*** DATA EXTRACT Section Begins ***
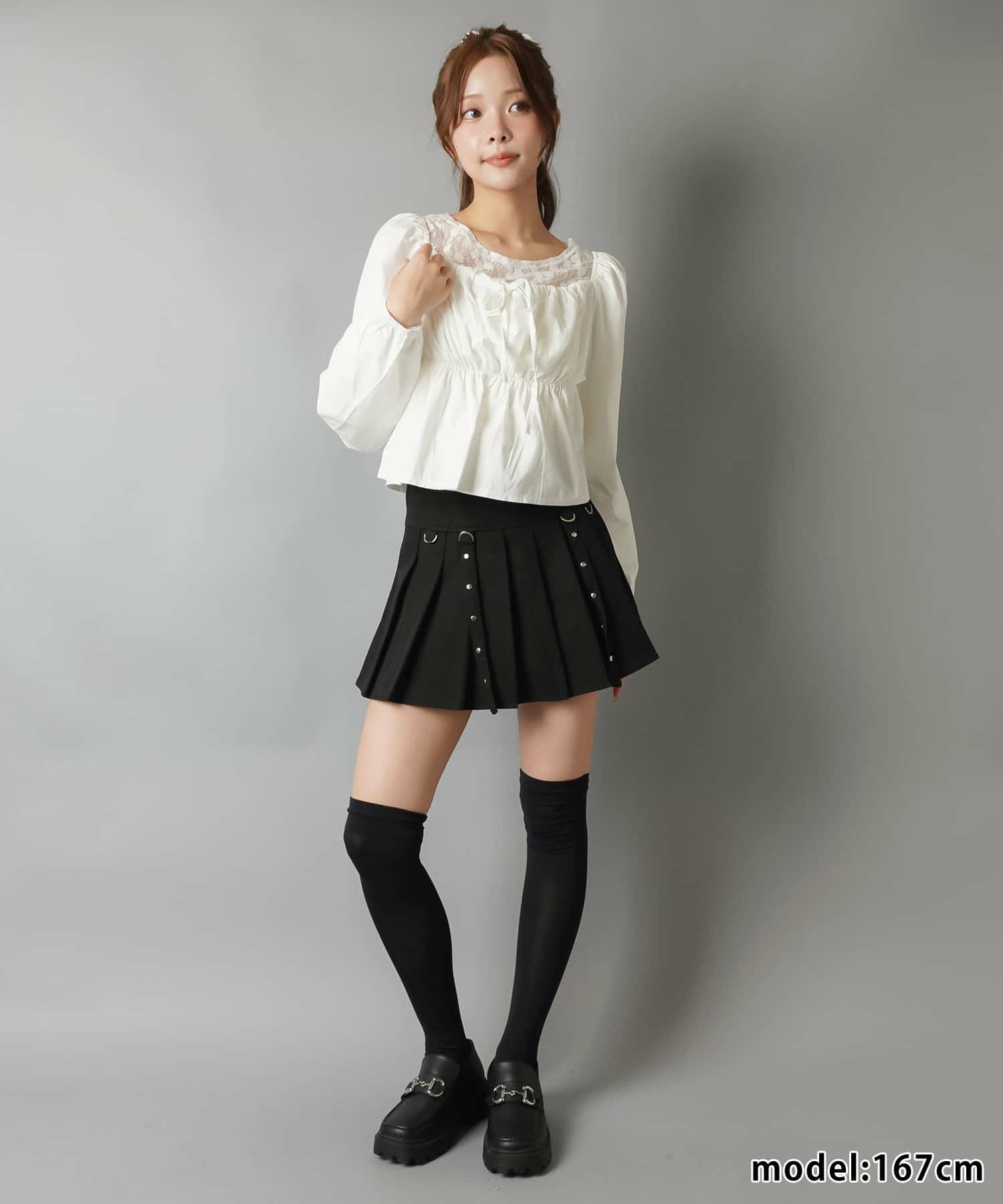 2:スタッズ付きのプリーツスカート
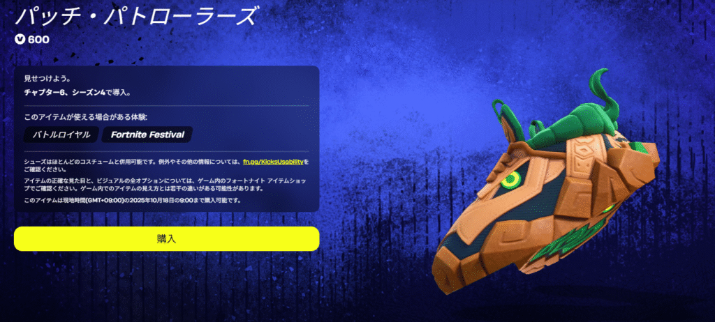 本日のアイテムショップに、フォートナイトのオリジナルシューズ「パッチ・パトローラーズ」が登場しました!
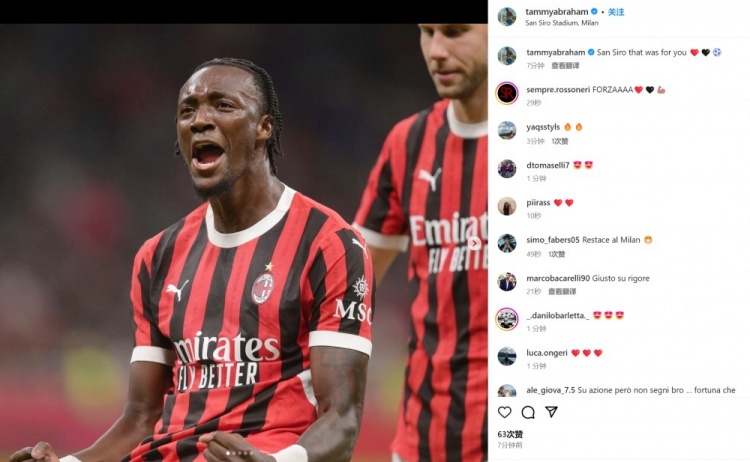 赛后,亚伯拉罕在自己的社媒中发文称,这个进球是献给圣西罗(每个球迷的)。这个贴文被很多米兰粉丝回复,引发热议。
*** DATA EXTRACT Section Ends ***
**EXERCISE OBJECTIVE**
Copy all the material word for word, minus its pictures.

**RESPONSE**
 2:スタッズ付きのプリーツスカート
 本日のアイテムショップに、フォートナイトのオリジナルシューズ「パッチ・パトローラーズ」が登場しました!
 赛后,亚伯拉罕在自己的社媒中发文称,这个进球是献给圣西罗(每个球迷的)。这个贴文被很多米兰粉丝回复,引发热议。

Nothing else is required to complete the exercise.